▸ **Required action**: Without including any pictures, write out the data below exactly.

▸ **Data below**:
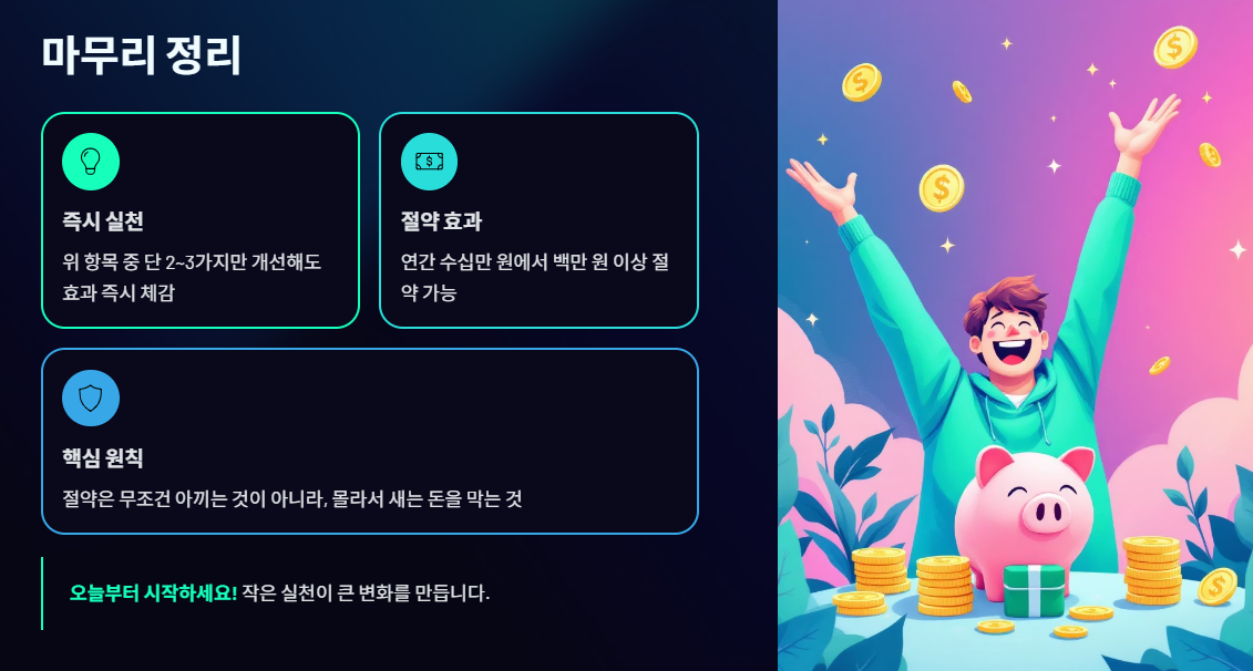 위 항목 중 단 2~3가지만 개선해도 연간 수십만 원에서 백만 원 이상을 절약할 수 있습니다. 절약은 무조건 아끼는 것이 아니라, 몰라서 새는 돈을 막는 것에서 시작됩니다.
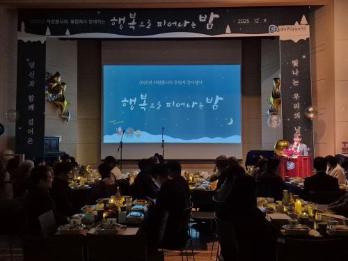 [½Åµ¿¾Æ¹æ¼Û ½ÃÈï½Ã=À̽ŵ¿±âÀÚ] ½ÃÈï½Ã³ëÀÎÁ¾ÇÕº¹Áö°ü(ÀÌÇÏ, ³ëÀκ¹Áö°ü)Àº Áö³­ 12¿ù 9ÀÏ ¡®ÇູÀ¸·Î ÇǾ´Â ¹ã¡¯À» ÁÖÁ¦·Î ¡®2025³â ÀÚ¿øºÀ»çÀÚ¡¤ÈÄ¿øÀÚ °¨»ç Çà»ç¡¯¸¦ ¿­¾ú´Ù. À̹ø Çà»ç´Â ¿Ã ÇÑ ÇØ ³ëÀκ¹Áö°ü°ú ÇÔ²² ³ª´®À» ½ÇõÇÑ ÀÚ¿øºÀ»çÀÚ¿Í ÈÄ¿øÀڵ鿡°Ô¡¦
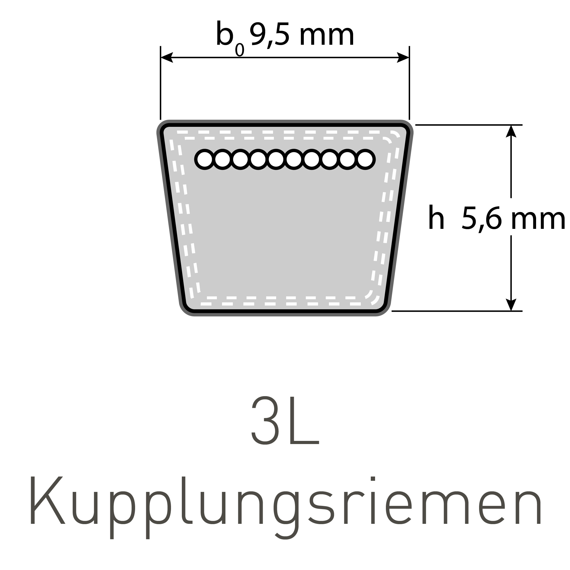 Kupplungsriemen im Profil 3L mit Außenlänge 559 mm (22"). Der Riemen besitzt einen robusten Chloropren-Riemenkörper, einen hochfesten Aramid-Zugstrang sowie eine spezielle Baumwoll-Textilummantelung. Durch diese hochfeste Konstruktion ist der Riemen extrem haltbar, besonders formstabil und dehnungsarm – ideal für kompakte, stark beanspruchte Antriebe mit häufigen Lastwechseln.

▸ **Completed task**:
 위 항목 중 단 2~3가지만 개선해도 연간 수십만 원에서 백만 원 이상을 절약할 수 있습니다. 절약은 무조건 아끼는 것이 아니라, 몰라서 새는 돈을 막는 것에서 시작됩니다.
 [½Åµ¿¾Æ¹æ¼Û ½ÃÈï½Ã=À̽ŵ¿±âÀÚ] ½ÃÈï½Ã³ëÀÎÁ¾ÇÕº¹Áö°ü(ÀÌÇÏ, ³ëÀκ¹Áö°ü)Àº Áö³­ 12¿ù 9ÀÏ ¡®ÇູÀ¸·Î ÇǾ´Â ¹ã¡¯À» ÁÖÁ¦·Î ¡®2025³â ÀÚ¿øºÀ»çÀÚ¡¤ÈÄ¿øÀÚ °¨»ç Çà»ç¡¯¸¦ ¿­¾ú´Ù. À̹ø Çà»ç´Â ¿Ã ÇÑ ÇØ ³ëÀκ¹Áö°ü°ú ÇÔ²² ³ª´®À» ½ÇõÇÑ ÀÚ¿øºÀ»çÀÚ¿Í ÈÄ¿øÀڵ鿡°Ô¡¦
 Kupplungsriemen im Profil 3L mit Außenlänge 559 mm (22"). Der Riemen besitzt einen robusten Chloropren-Riemenkörper, einen hochfesten Aramid-Zugstrang sowie eine spezielle Baumwoll-Textilummantelung. Durch diese hochfeste Konstruktion ist der Riemen extrem haltbar, besonders formstabil und dehnungsarm – ideal für kompakte, stark beanspruchte Antriebe mit häufigen Lastwechseln.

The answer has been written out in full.